Review: Goodbye Mr Mackenzie / The Filthy Tongues, Liquid Room

Late December is a time for looking back on the past and making plans for the future. As Goodbye Mr Mackenzie wrap up their 2019 comeback tour with a wonderful romp through 16 of their finest songs from their days of yore, it’s uncertain if they’ll choose to do so again. However, the future is in good hands with the Filthy Tongues, the opening band and musical vehicle for three of the Mackenzies, both bands’ main songwriter and vocalist Martin Metcalfe, rock solid bassist Fin Wilson and expressive drummer Derek Kelly.

The Filthy Tongues are a darker beast than the Mackenzies, with fewer of the pop sensibilities than the previous band, but much more texture and eerie atmospherics, as well as biblical overtones to match Metcalfe’s apocalyptic preacher persona. In an all-too-brief set ranging through songs from their two brilliant LPs to date, the Tongues go from the juddering stomp of Burn You Up to the angular Take It, the Old Testament wrath of Jacob’s Ladder to the motorik propulsion of Money Can’t Drive. Their sound is given full flesh by the five-piece lineup and warmly received by the crowd, most of whom have arrived early to see this incarnation of Metcalfe, Wilson and Kelly. It’s music deserving of a much wider audience, but judging from the reception to the killer 40-minute set at the Liquid Room there’s a lot of new converts to their cause. “I hope you like the headline band,” Metcalfe jokes, “I’ve heard they’re not bad.”

As the Mackenzies take to the stage they’re given a rousing welcome, none more so than guitarist Big John Duncan, whose career stretches back to the heady days of punk primacy in The Exploited. Big John has had some medical issues of late, and enters the stage with two crutches held aloft in greeting before taking a seat on a stool from which he issues forth immaculate guitar parts. They begin with the anthemic Jezebel, and it’s clear that the band are in fine form, as is the capacity crowd.Metcalfe remarks that he’s seen many of the faces in the crowd at all the previous Mackenzie reunion shows.”Are you not overdosing on this stuff?” he asks. “Or are you building a tolerance?”
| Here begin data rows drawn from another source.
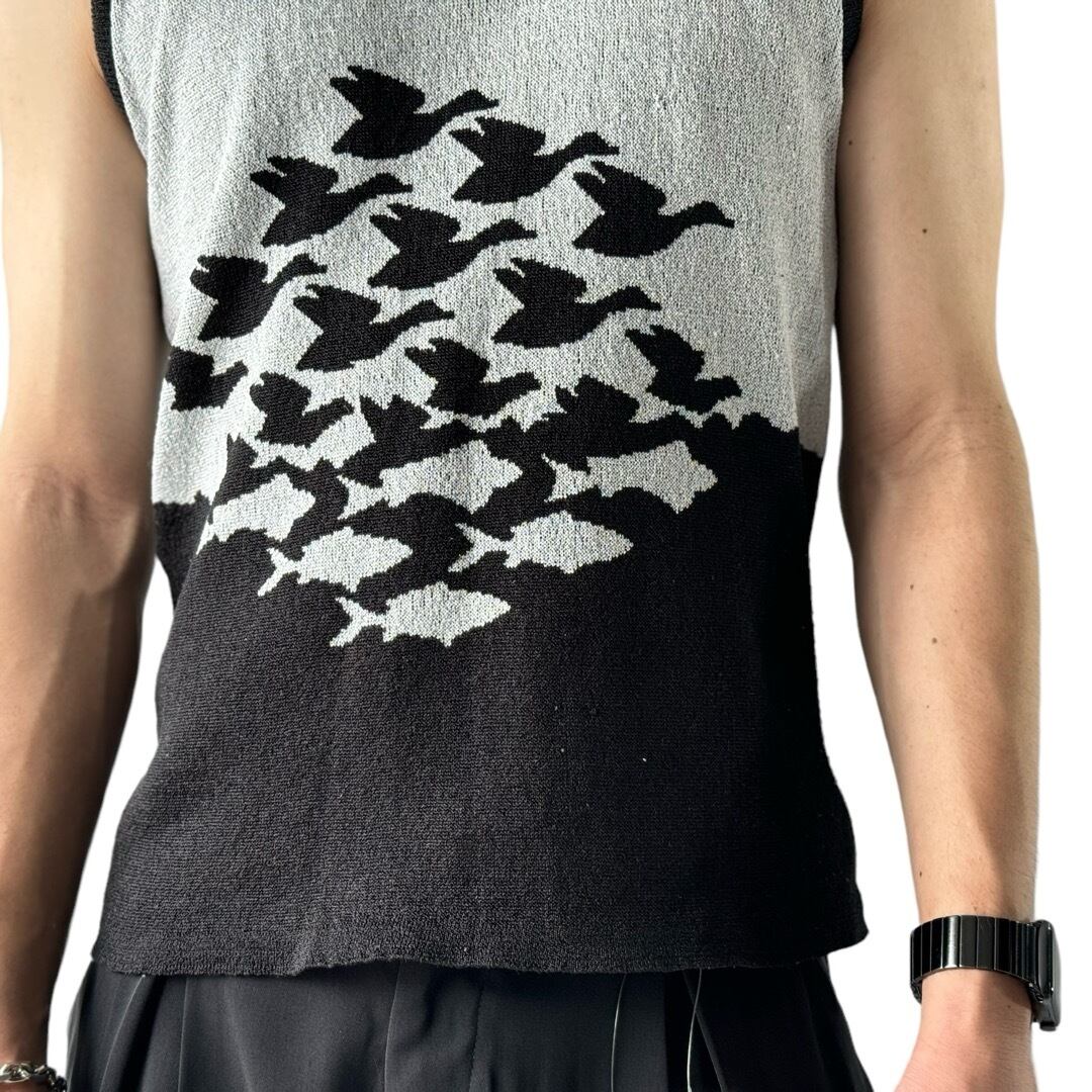 ツートンで空を飛ぶ鳥と海を泳ぐ魚を表現したデザインスリーブレスアイテム!!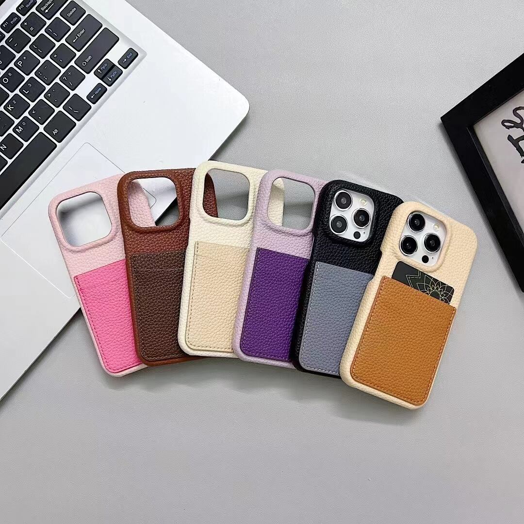 バイカラー レザー iPhone 15/14/13 ケース カード収納 背面ケース 大人可愛い
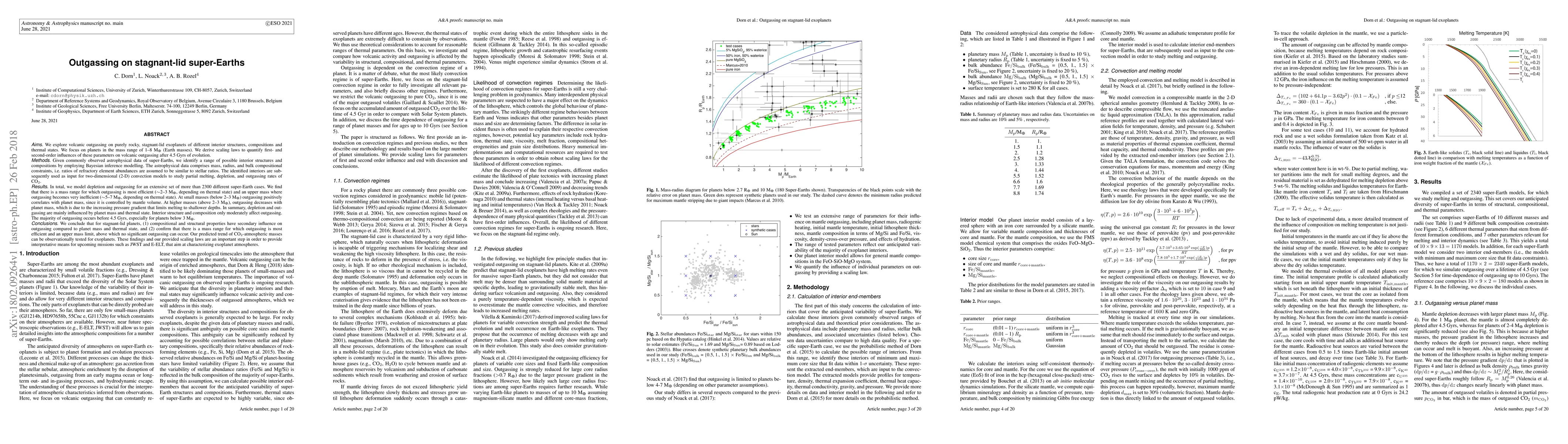 We explore volcanic outgassing on purely rocky, stagnant-lid exoplanets of different interior structures, compositions, thermal states, and age. We focus on planets in the mass range of 1-8 ME (Earth masses). We derive scaling laws to quantify first- and second-order influences of these parameters on volcanic outgassing after 4.5 Gyrs of evolution. Given commonly observed astrophysical data of super-Earths, we identify a range of possible interior structures and compositions by employing Bayesian inference modelling. [..] The identified interiors are subsequently used as input for two-dimensional (2-D) convection models to study partial melting, depletion, and outgassing rates of CO2. In total, we model depletion and outgassing for an extensive set of more than 2300 different super-Earth cases. We find that there is a mass range for which outgassing is most efficient (~2--3 ME, depending on thermal state) and an upper mass where outgassing becomes very inefficient (~5--7 \ME, depending on thermal state). [..] In summary, depletion and outgassing are mainly influenced by planet mass and thermal state. Interior structure and composition only moderately affect outgassing. The majority of outgassing occurs before 4.5 Gyrs, especially for planets below 3 ME. We conclude that for stagnant-lid planets, (1) compositional and structural properties have secondary influence on outgassing compared to planet mass and thermal state, and (2) confirm that there is a mass range for which outgassing is most efficient and an upper mass limit, above which no significant outgassing can occur. Our predicted trend of CO2-atmospheric masses can be observationally tested for exoplanets. These findings and our provided scaling laws are an important step in order to provide interpretative means for upcoming missions such as, e.g., JWST and E-ELT, that aim at characterizing exoplanet atmospheres.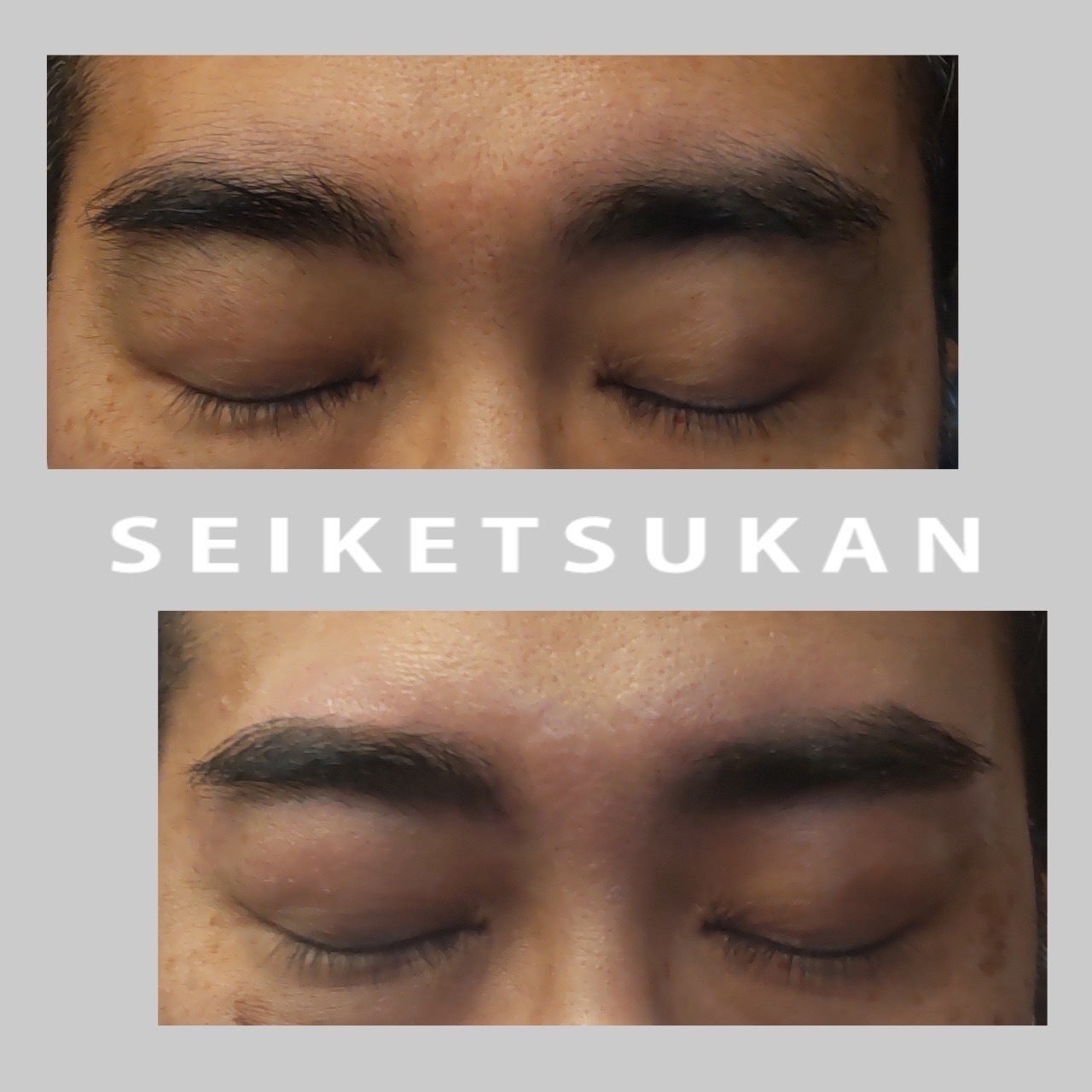 眉毛ワックス脱毛施術前(上)、施術後(下)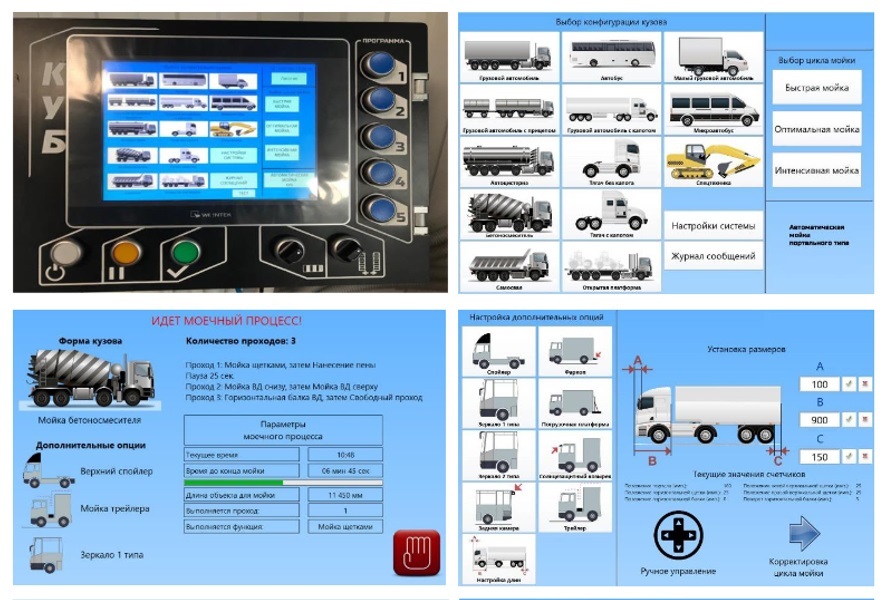 - Пульт управления роботом с изменением порядка включения и выключения режимов мойки + отчетность с указанием даты и времени;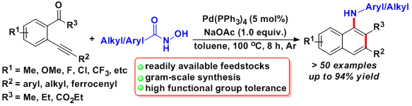 Zuo, Youpeng; He, Xinwei*; Tang, Qiang; Hu, Wangcheng; Zhou, Tongtong; Yongjia Shang *. Palladium-Catalyzed Cascade Decarboxylative Amination/6-endo-dig Benzannulation of o-Alkynylarylketones with N-Hydroxyamides to Access Diverse 1-Naphthylamine Derivatives.Org. Lett., 2020, 22,10, 3890-3894.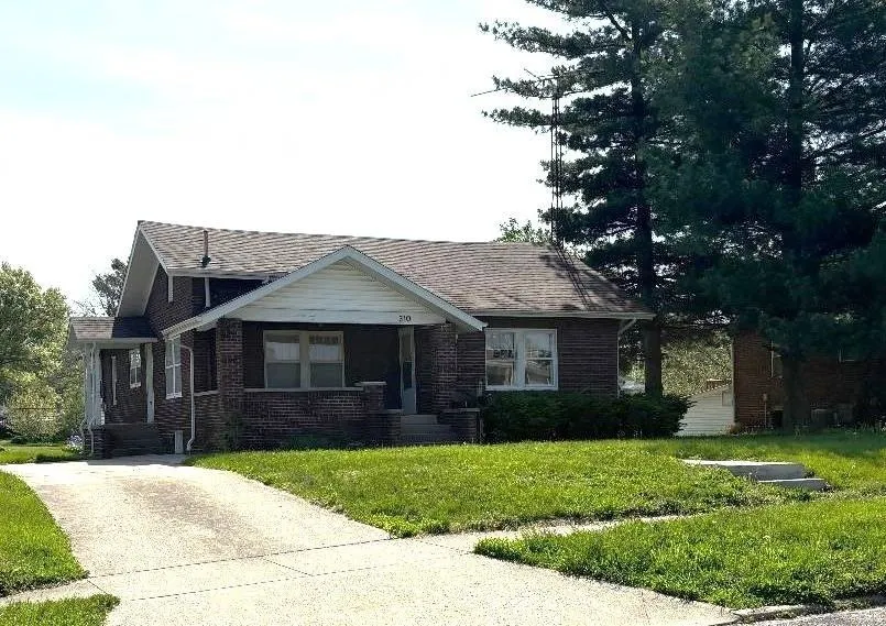 Brick home retains its charm with covered front porch, arch way door to dining room, and some original kitchen cabinets. Basement has washer/dryer hookups as well as in kitchen closet. Roof approximately 5 years old. Large lot that goes street to street. Near downtown and public library. Broker Owned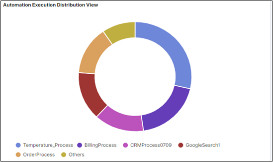 - The distribution chart is based on the automations executed for the top 5 processes. However, the remaining processes are clubbed into a group called Others.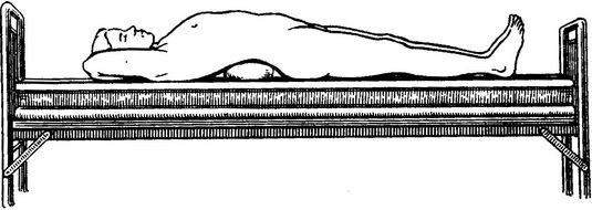 Рис. 54. Положення хворого в ліжку при переломі тел нижньогрудних і поперекових хребців.

They move from their self-titled single to the title track of their landmark album Good Deeds and Dirty Rags, detouring via a cover of 80s Edinburgh cult band the Shop Assistants’ Something To Do. By the time they hit the upbeat Open Your Arms, the crowd is in full singalong mode, many of them knowing every word to every song. It’s a wonderfully communal atmosphere, topped off with their undisputed classic The Rattler. The band exit the stage after a little over an hour, but there’s no way they’re being let off the hook by this audience.

“Youse are all c***s!” yells Big John in jest as the band return to the stage for three encore songs. “Youse made me walk down those stairs and back up the again!”

He takes lead vocal for the punk blues of The Way I Walk, and it’s followed with Goodwill City, one of several acutely observed numbers Metcalfe has written about Edinburgh. An unplanned Now We Are Married ends the night, and none of the fans were left with any questions about their complete devotion to the Mackenzies. Metcalfe remains on stage for another minute or two, leading the crowd in a vocal rendition and singalong of a few lines from The Rattler. It’s a lovely end to what could prove to be the Mackenzies’ last ever gig, but let’s hope not. In any event, the Filthy Tongues have another album in the works so there’s no chance of Metcalfe and his musical brethren staying silent for long.